Dataset items:
#####
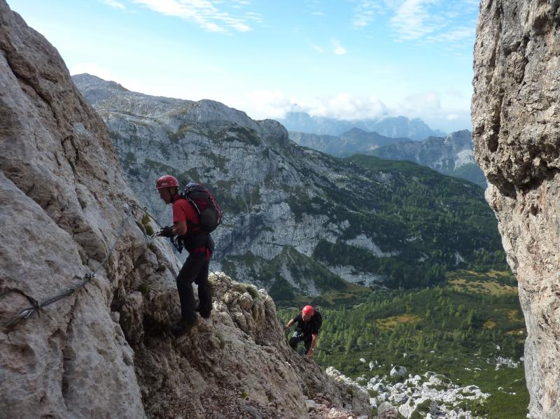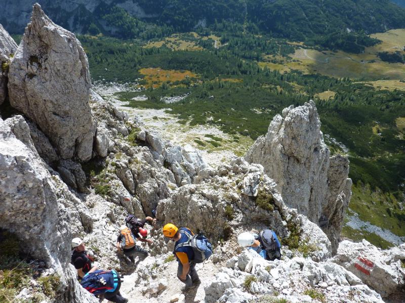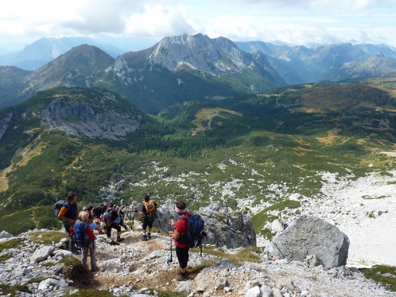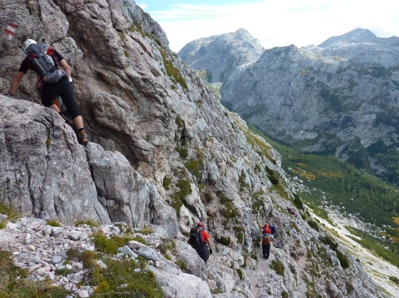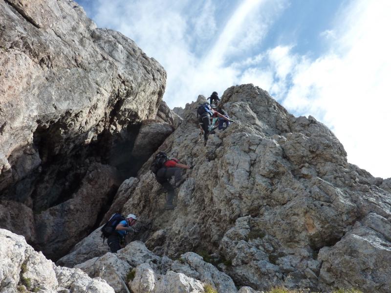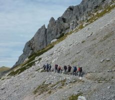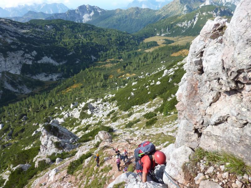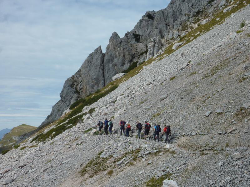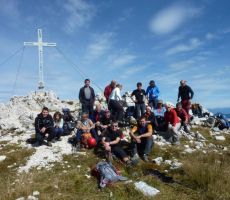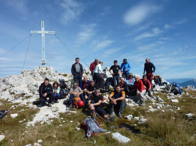 Čez Cason di Lanza - Slovenci so prelazu nadeli ime Lonice - je bila letos speljana etapa dirke Giro di Italia, s ciljem v Trbižu. Novogoriški in ljubljanski planinci pa smo si ga vzeli za izhodišče planinskih tur na okoliške vrhove. Pred leti smo se povzpeli na bližnjo Zermulo in na sosednji Zuc della Guardia. Letos pa si je vodnica Ingrid izbrala 2279 m visoki vrh Veliki Koritnik, italijansko Creta di Aip, nemško Trogkofel, na meji med Italijo in Avstrijo. Ob 8. uri zjutraj smo se iz Pontebbe skupaj pripeljali na prelaz Lonice, od koder se nas je vseh 19 odpravilo proti našemu vrhu. Na vrh smo se povzpeli po kratki zavarovani poti Via ferrata Crete Rosse. Sestopili pa smo v smeri običajnega pristopa na goro, ki pa je brez varoval in zato celo zahtevnejši od naše ferate. Nadaljevali smo po državni meji, ob kateri je tudi po 100 letih še veliko vidnih ostankov bunkerjev in strelskih jarkov iz I. svetovne vojne. Med potjo smo si ogledali vhod v jamo Grotta di Attila, ki se v meandrih vije v podzemlje. Sprehod preko planin je ponujal lepe razglede na bližnja in daljnja pogorja, vse do Grossglocknerja in drugih tritisočakov. Narava že začenja dobivati jesenske barve, tako da se bo treba vrniti prihodnji mesec, ko bodo zažareli macesni.
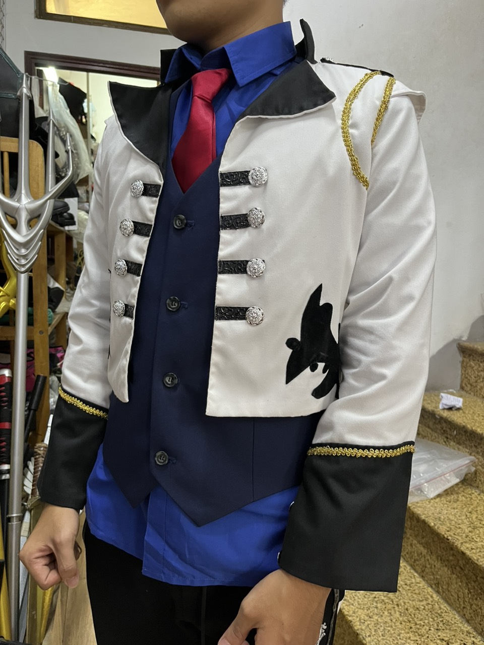áo vest hoàng tử đuôi tôm + ghi lê xanh + áo sơ mi xanh navy tay dài + quần tây đen + cavat đỏ
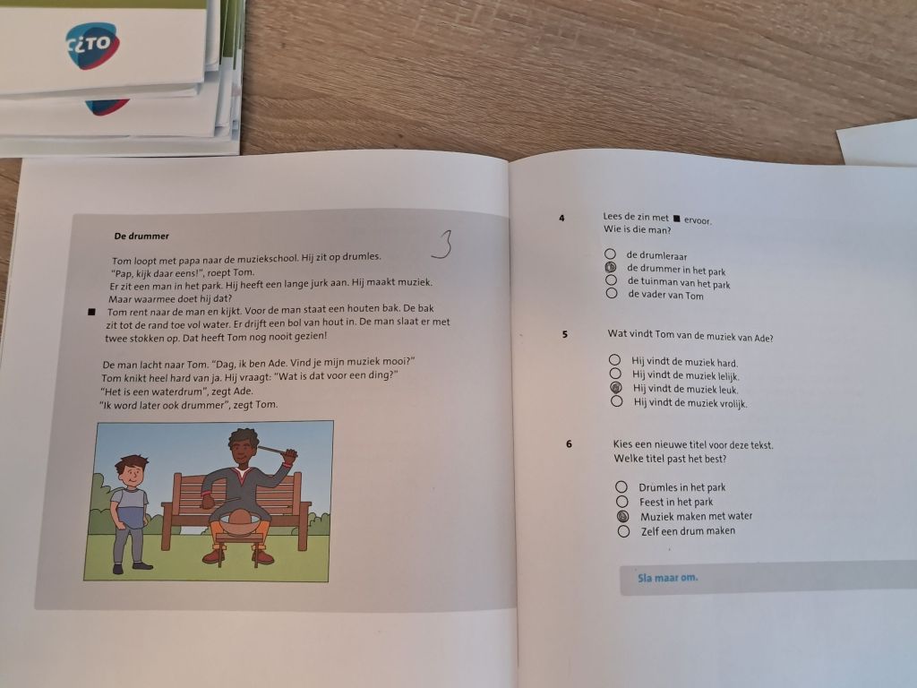 Na dit gesprek begint meester Sjoerd met een dictee. Het gaat o.a. om de woorden: reis, kwijt, spijt, feestje, foto, kieuwen, dicht, bocht, nacht, schram. Ik kijk intussen een taaltoets na, waarbij getoetst wordt of de kinderen enkele teksten goed begrijpen.
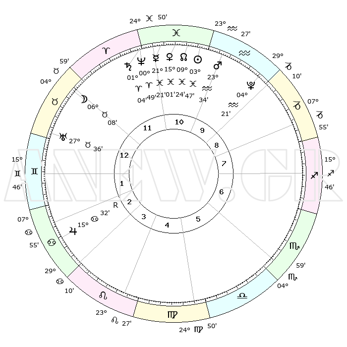 | | ΘΕΣΕΙΣ ΠΛΑΝΗΤΩΝ ΑΣΤΡΟΛΟΓΙΚΟΥ ΧΑΡΤΗ ΤΗΣ ΣΤΙΓΜΗΣ ΑΥΤΗΣ | | | | Πλανήτης | Ζώδιο | Μοίρες | Δεκαήμ. | Σε οίκο | Απόκλιση | | Ακμές των οίκων | | Ηλιος | Ιχθείς | 03°43' | Πρώτο | 11 | 10 S 09 | | 1ος | 14°16' | Ταύρος | | Σελήνη | Ταύρος | 05°05' | Πρώτο | 12 | 17 N 21 | | 2ος | 12°41' | Δίδυμοι | | Ερμής | Ιχθείς | 21°18' | Τρίτο | 11 | 01 S 45 | | 3ος | 04°59' | Καρκίνος | | Αφροδίτη | Ιχθείς | 14°55' | Δεύτερο | 11 | 07 S 16 | | 4ος | 26°55' | Καρκίνος | | Αρης | Υδροχόος | 23°30' | Τρίτο | 11 | 14 S 43 | | 5ος | 22°58' | Λέων | | Δίας | Καρκίνος | 15°33'R | Δεύτερο | 3 | 22 N 52 | | 6ος | 28°33' | Παρθένος | | Κρόνος | Κριός | 01°03' | Πρώτο | 12 | 01 S 33 | | 7ος | 14°16' | Σκορπιός | | Ουρανός | Ταύρος | 27°36' | Τρίτο | 1 | 19 N 27 | | 8ος | 12°41' | Τοξότης | | Ποσειδώνας | Κριός | 00°49' | Πρώτο | 12 | 00 S 53 | | 9ος | 04°59' | Αιγόκερως | | Πλούτωνας | Υδροχόος | 04°21' | Πρώτο | 10 | 22 S 54 | | 10ος | 26°55' | Αιγόκερως | | Β. Δεσμός | Ιχθείς | 09°24' | Πρώτο | 11 | 08 S 03 | | 11ος | 22°58' | Υδροχόος | | Ωροσκόπος | Ταύρος | 14°16' | Δεύτερο | | | 12ος | 28°33' | Ιχθείς | | Μεσουράνημα | Αιγόκερως | 26°55' | Τρίτο | | | |
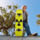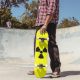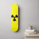 Skateboard deck with radioactive symbol on it.
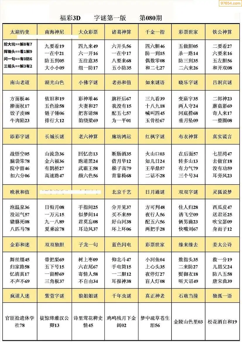 080期3D牛彩预测报+彩吧字谜报
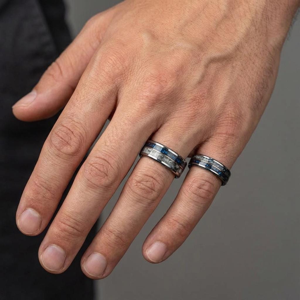 Our rings can be worn by men and women. The size and width can be adjusted as you wish, for the male a thicker ring and for the ladies a thinner ring. We can make the width 4mm-12mm depending on the design.
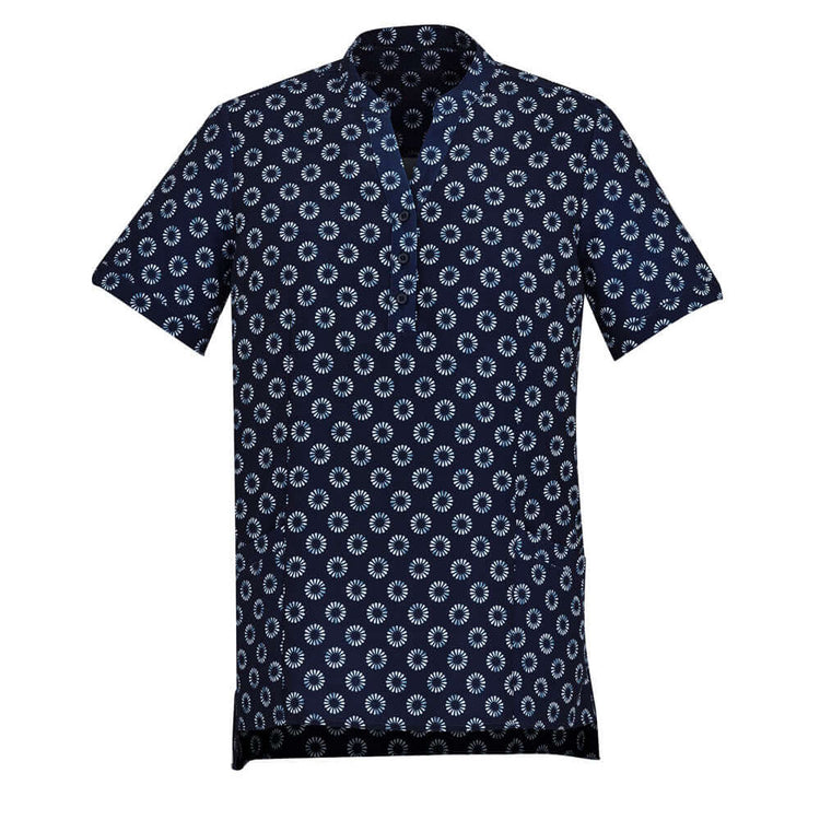 • Designed with a flattering Y-neck open and mandarin collar, simple lines and no chest pocket for a clean look
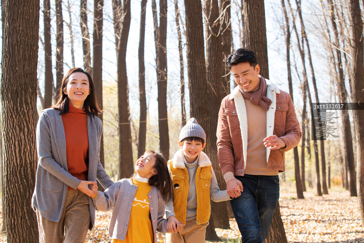 图片标题: 快乐家庭走在树林里
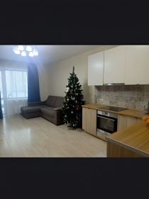 Продается квартира-студия общей площадью 37,9 кв.м.Квартира меблированная, остается все как на фотографиях (мебель и техника, на кухне так же имеется встроенная стиральная машина), забираем только телевизор и ковер. Окна выходят во двор. Соседи на этаже хорошие: тихие, спокойные, семейные. В доме есть подземная платная охраняемая парковка, но и по периметру дома всегда можно найти парковочное место. В шаговой доступности большой выбор продуктовых магазинов, пункты выдачи, аптеки, студии красоты.Рядом детский сад, школа, остановка.В квартире никто не прописан, один собственник.
#####
> _What to produce_: Could you print all of the entries above exactly as written, minus the pictures?

> _Written solution_:
 Čez Cason di Lanza - Slovenci so prelazu nadeli ime Lonice - je bila letos speljana etapa dirke Giro di Italia, s ciljem v Trbižu. Novogoriški in ljubljanski planinci pa smo si ga vzeli za izhodišče planinskih tur na okoliške vrhove. Pred leti smo se povzpeli na bližnjo Zermulo in na sosednji Zuc della Guardia. Letos pa si je vodnica Ingrid izbrala 2279 m visoki vrh Veliki Koritnik, italijansko Creta di Aip, nemško Trogkofel, na meji med Italijo in Avstrijo. Ob 8. uri zjutraj smo se iz Pontebbe skupaj pripeljali na prelaz Lonice, od koder se nas je vseh 19 odpravilo proti našemu vrhu. Na vrh smo se povzpeli po kratki zavarovani poti Via ferrata Crete Rosse. Sestopili pa smo v smeri običajnega pristopa na goro, ki pa je brez varoval in zato celo zahtevnejši od naše ferate. Nadaljevali smo po državni meji, ob kateri je tudi po 100 letih še veliko vidnih ostankov bunkerjev in strelskih jarkov iz I. svetovne vojne. Med potjo smo si ogledali vhod v jamo Grotta di Attila, ki se v meandrih vije v podzemlje. Sprehod preko planin je ponujal lepe razglede na bližnja in daljnja pogorja, vse do Grossglocknerja in drugih tritisočakov. Narava že začenja dobivati jesenske barve, tako da se bo treba vrniti prihodnji mesec, ko bodo zažareli macesni.
áo vest hoàng tử đuôi tôm + ghi lê xanh + áo sơ mi xanh navy tay dài + quần tây đen + cavat đỏ
 Na dit gesprek begint meester Sjoerd met een dictee. Het gaat o.a. om de woorden: reis, kwijt, spijt, feestje, foto, kieuwen, dicht, bocht, nacht, schram. Ik kijk intussen een taaltoets na, waarbij getoetst wordt of de kinderen enkele teksten goed begrijpen.
 | | ΘΕΣΕΙΣ ΠΛΑΝΗΤΩΝ ΑΣΤΡΟΛΟΓΙΚΟΥ ΧΑΡΤΗ ΤΗΣ ΣΤΙΓΜΗΣ ΑΥΤΗΣ | | | | Πλανήτης | Ζώδιο | Μοίρες | Δεκαήμ. | Σε οίκο | Απόκλιση | | Ακμές των οίκων | | Ηλιος | Ιχθείς | 03°43' | Πρώτο | 11 | 10 S 09 | | 1ος | 14°16' | Ταύρος | | Σελήνη | Ταύρος | 05°05' | Πρώτο | 12 | 17 N 21 | | 2ος | 12°41' | Δίδυμοι | | Ερμής | Ιχθείς | 21°18' | Τρίτο | 11 | 01 S 45 | | 3ος | 04°59' | Καρκίνος | | Αφροδίτη | Ιχθείς | 14°55' | Δεύτερο | 11 | 07 S 16 | | 4ος | 26°55' | Καρκίνος | | Αρης | Υδροχόος | 23°30' | Τρίτο | 11 | 14 S 43 | | 5ος | 22°58' | Λέων | | Δίας | Καρκίνος | 15°33'R | Δεύτερο | 3 | 22 N 52 | | 6ος | 28°33' | Παρθένος | | Κρόνος | Κριός | 01°03' | Πρώτο | 12 | 01 S 33 | | 7ος | 14°16' | Σκορπιός | | Ουρανός | Ταύρος | 27°36' | Τρίτο | 1 | 19 N 27 | | 8ος | 12°41' | Τοξότης | | Ποσειδώνας | Κριός | 00°49' | Πρώτο | 12 | 00 S 53 | | 9ος | 04°59' | Αιγόκερως | | Πλούτωνας | Υδροχόος | 04°21' | Πρώτο | 10 | 22 S 54 | | 10ος | 26°55' | Αιγόκερως | | Β. Δεσμός | Ιχθείς | 09°24' | Πρώτο | 11 | 08 S 03 | | 11ος | 22°58' | Υδροχόος | | Ωροσκόπος | Ταύρος | 14°16' | Δεύτερο | | | 12ος | 28°33' | Ιχθείς | | Μεσουράνημα | Αιγόκερως | 26°55' | Τρίτο | | | |
 Skateboard deck with radioactive symbol on it.
 080期3D牛彩预测报+彩吧字谜报
 Our rings can be worn by men and women. The size and width can be adjusted as you wish, for the male a thicker ring and for the ladies a thinner ring. We can make the width 4mm-12mm depending on the design.
 • Designed with a flattering Y-neck open and mandarin collar, simple lines and no chest pocket for a clean look
 图片标题: 快乐家庭走在树林里
 Продается квартира-студия общей площадью 37,9 кв.м.Квартира меблированная, остается все как на фотографиях (мебель и техника, на кухне так же имеется встроенная стиральная машина), забираем только телевизор и ковер. Окна выходят во двор. Соседи на этаже хорошие: тихие, спокойные, семейные. В доме есть подземная платная охраняемая парковка, но и по периметру дома всегда можно найти парковочное место. В шаговой доступности большой выбор продуктовых магазинов, пункты выдачи, аптеки, студии красоты.Рядом детский сад, школа, остановка.В квартире никто не прописан, один собственник.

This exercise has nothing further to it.